**RECORDED INFORMATION:**
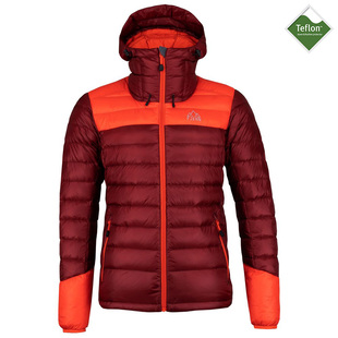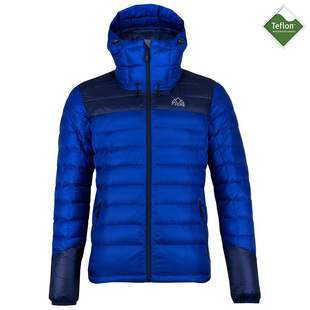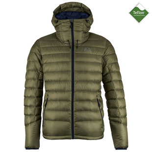 Made with nylon ripstop outer fabric, a DWR (Durable Water Repellent) & down proofing finish the jacket can handle light rain showers without moisture impairing the insulating properties of the down.
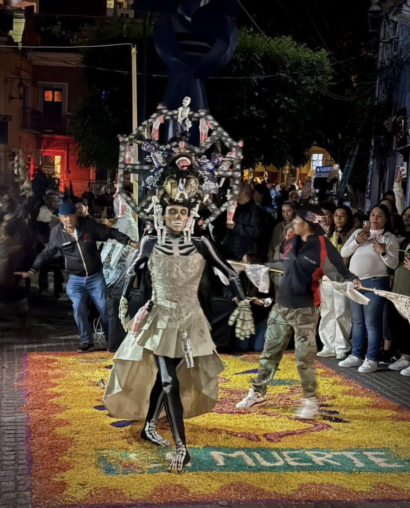 Guanajuato, Gto. Con la presencia de miles de personas, la muerte recorrió las calles de Guanajuato capital y, por primera vez, llegó al altar al interior de la Basílica Colegiata de Nuestra Señora de Guanajuato.
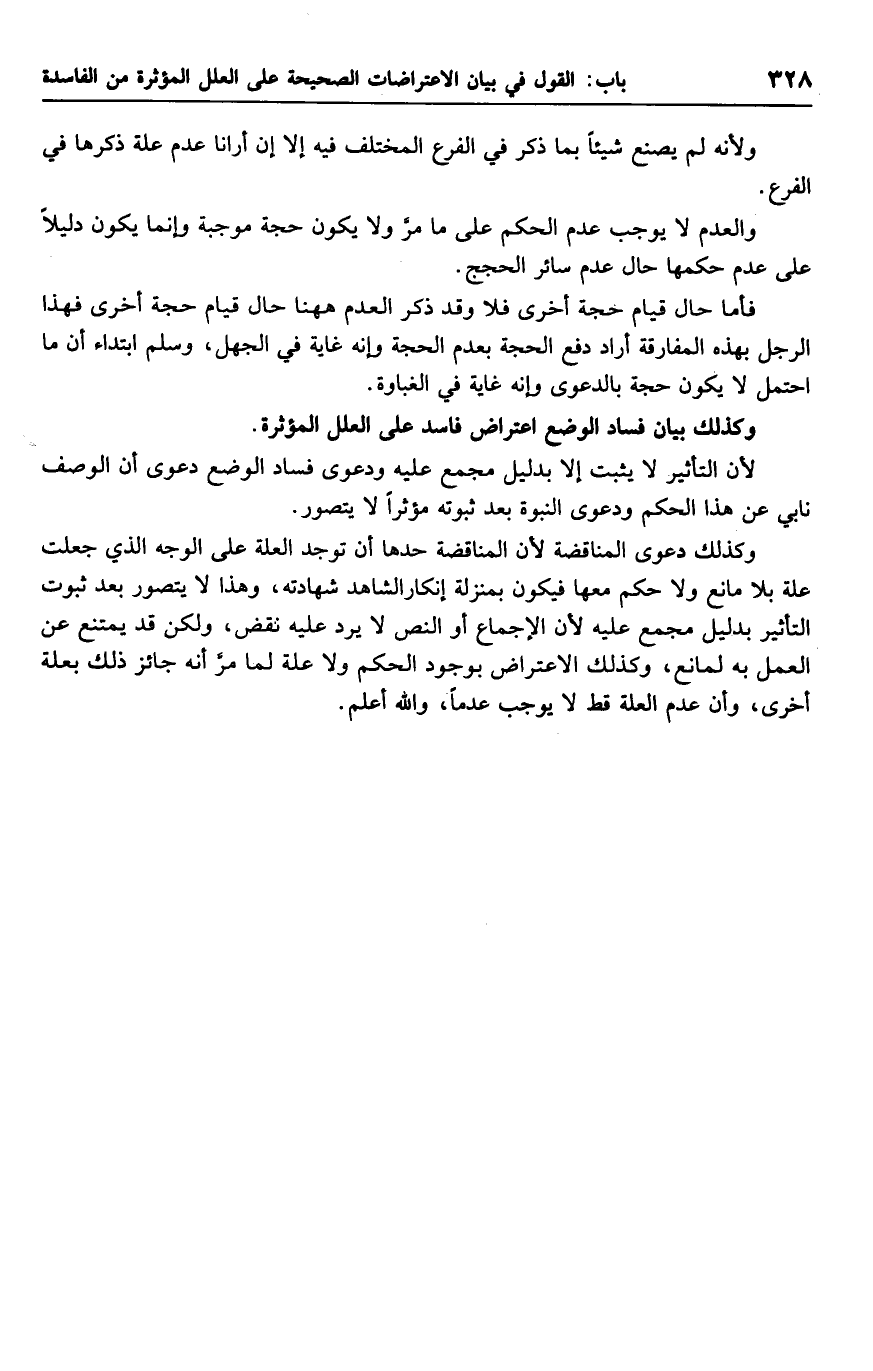 وكذلك دعوى المناقضة لأن المناقضة حدها أن توجد العلة على الوجه الذي جعلت علة بلا مانع ولا حكم معها فيكون بمنزلة إنكار الشاهد شهادته، وهذا لا يتصور بعد ثبوت التأثير بدليل مجمع عليه لأن الإجماع أو النص لا يرد عليه نقض، ولكن قد يمتنع عن العمل به لمانع، وكذلك الاعتراض بوجود الحكم ولا علة لما مر أنه جائز ذلك بعلة أخرى، وأن عدم العلة قط لا يوجب عدمًا، والله أعلم.
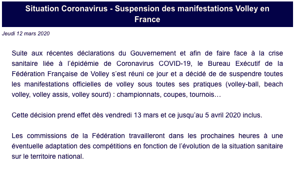 Suite aux récentes déclarations du Gouvernement, la Fédération Française de Volley a décidé de suspendre l'ensemble des manifestations officielles de volley : championnats, coupes, tournois… jusqu'au 5 avril pour le moment.
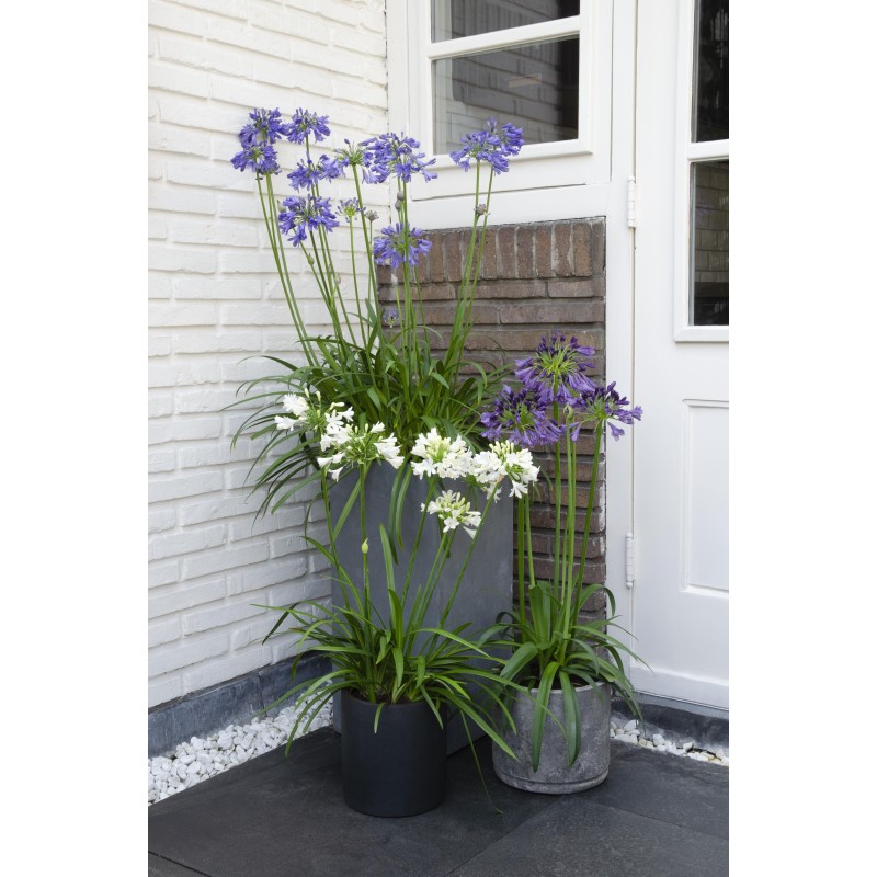 • The Agapanthus Ever White has large, deep blue flowers and is distinguished by its early and rich flowering. The Agapanthus starts flowering in spring and re-flowers during the summer. This beautiful perennial prefers a sunny spot in well-drained soil. The sun worshipper is easy to care for because of its drought and heat resistance, and is Hardy to -15 ºC.
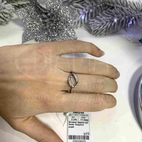 Срібна каблучка з білим цирконом. Срібло 925 проби, покрите родієм. Розмір головного елементу каблучки 9х13 мм. У наборі кольє, браслет,сережки та каблучка.
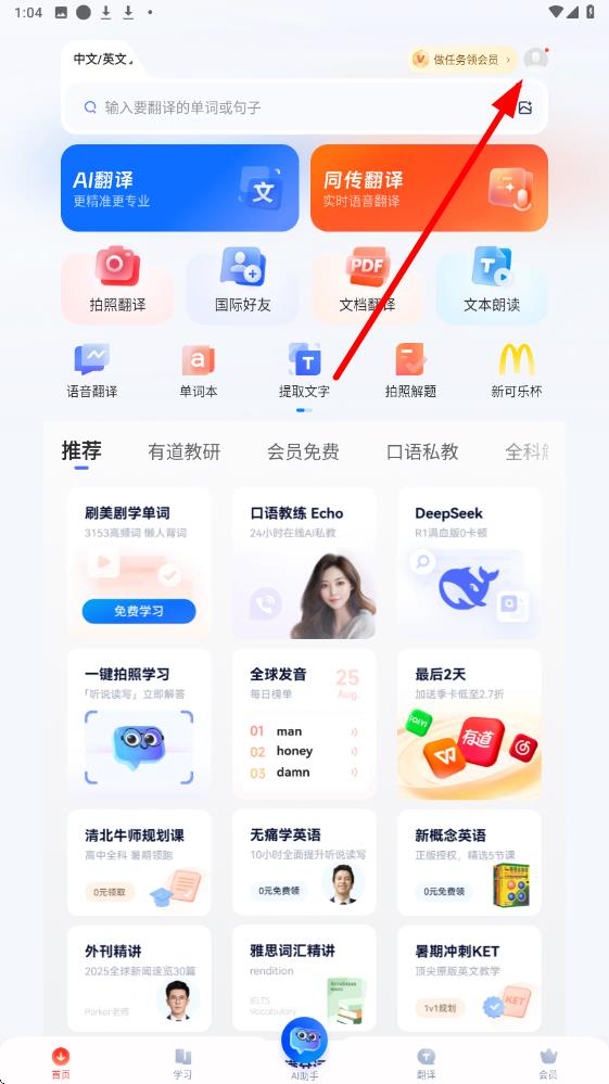 1、打開網(wǎng)易有道詞典應(yīng)用,點(diǎn)擊首頁右上角頭像個(gè)人中心圖標(biāo),進(jìn)入個(gè)人相關(guān)界面。
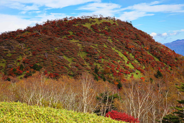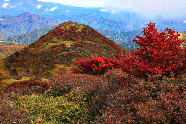 小丸山、赤、オレンジ色、黄色のパッチワークのような紅葉は安達太良山に匹敵します。
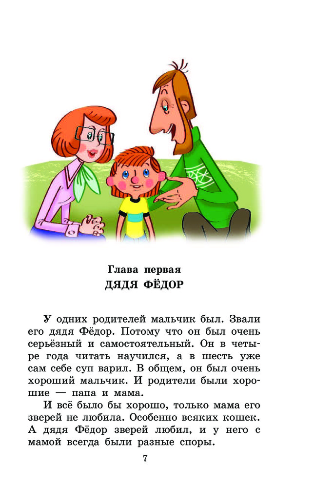Купила дочери - поклоннице историй о Дяде федоре. Книжка очень яркая хорошо иллюстрирована. Много цветных картинок, в то же время достаточно крупный текст. Содержание: 1. Дядя Федор,пес и кот. 2. Зима в Простоквашино. 3. Тетя дяди Федора . 4. Любимая девочка дяди Федора. 5. Дядя Федор идет в школу. 6. Праздники в деревне Простоквашино.
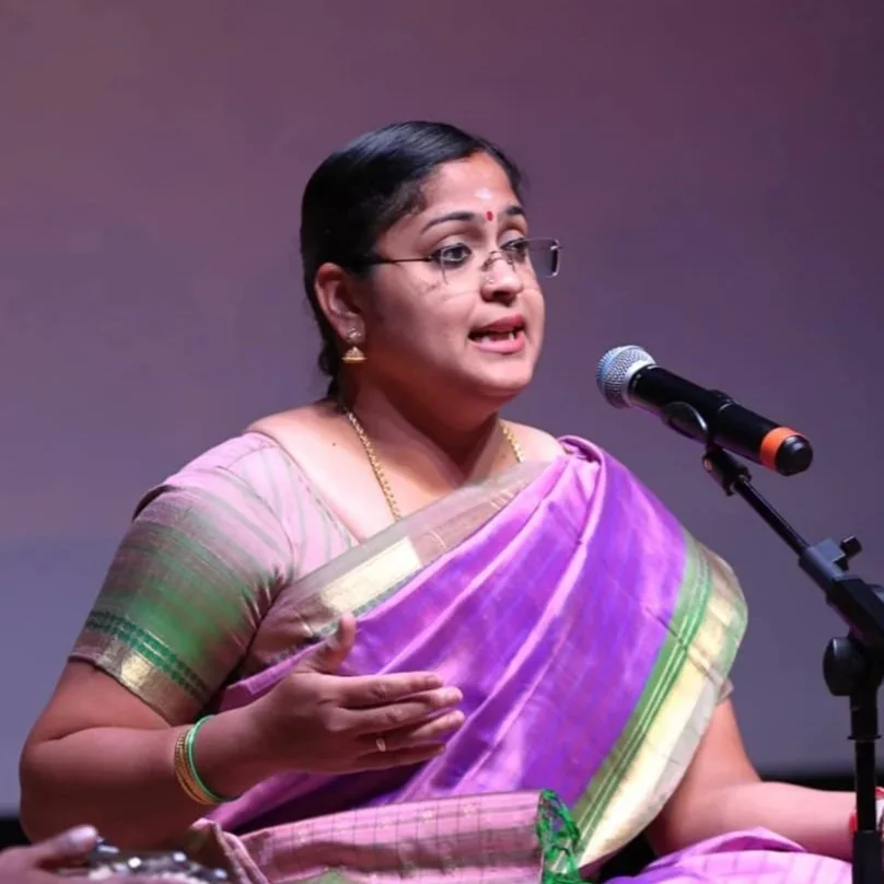 Lalitha Chithra Ravindran grew up in a family that stewards the Bhajana Sampradāya tradition. She began vocal training at six and won first prizes in the junior, senior, and super-senior categories at Narada Gana Sabha, Karur. Guided by her gurus, she cultivated a wide repertoire and strong manodharma; her first major solo was in 2008 at Sringeri Sri Sharada Mutt, Madurai. Now based in Charlotte, she is a full-time musician, practitioner, and teacher. She heads the Sri Saraswati School of Carnatic Music, teaching children and adults and presenting students in community concerts and annual recitals. Her thematic performances weave rāga ālāpana, kṛti and swara singing, and pallavi, featuring works by Tyāgarāja, Muthusvāmi Dīkṣitar, Swāti Tirunāl, and leading Tamil composers. She has performed for the Charlotte Swathi Thirunal Sangeetha Sabha and Charlotte Kala Kendra, and presented a 2025 lecture-demonstration on Nāda Yoga at Harvard Divinity School’s Program for the Evolution of Spirituality. She continues advanced training with Kalaimamani Dr. Prema Rangarajan.

**TASK TO CARRY OUT:**
Please return exactly the lines above, from where the listing starts to the line holding "Suite aux récentes", inclusive, with the pictures omitted.

**RESPONSE TO THIS TASK:**
 Made with nylon ripstop outer fabric, a DWR (Durable Water Repellent) & down proofing finish the jacket can handle light rain showers without moisture impairing the insulating properties of the down.
 Guanajuato, Gto. Con la presencia de miles de personas, la muerte recorrió las calles de Guanajuato capital y, por primera vez, llegó al altar al interior de la Basílica Colegiata de Nuestra Señora de Guanajuato.
 وكذلك دعوى المناقضة لأن المناقضة حدها أن توجد العلة على الوجه الذي جعلت علة بلا مانع ولا حكم معها فيكون بمنزلة إنكار الشاهد شهادته، وهذا لا يتصور بعد ثبوت التأثير بدليل مجمع عليه لأن الإجماع أو النص لا يرد عليه نقض، ولكن قد يمتنع عن العمل به لمانع، وكذلك الاعتراض بوجود الحكم ولا علة لما مر أنه جائز ذلك بعلة أخرى، وأن عدم العلة قط لا يوجب عدمًا، والله أعلم.
 Suite aux récentes déclarations du Gouvernement, la Fédération Française de Volley a décidé de suspendre l'ensemble des manifestations officielles de volley : championnats, coupes, tournois… jusqu'au 5 avril pour le moment.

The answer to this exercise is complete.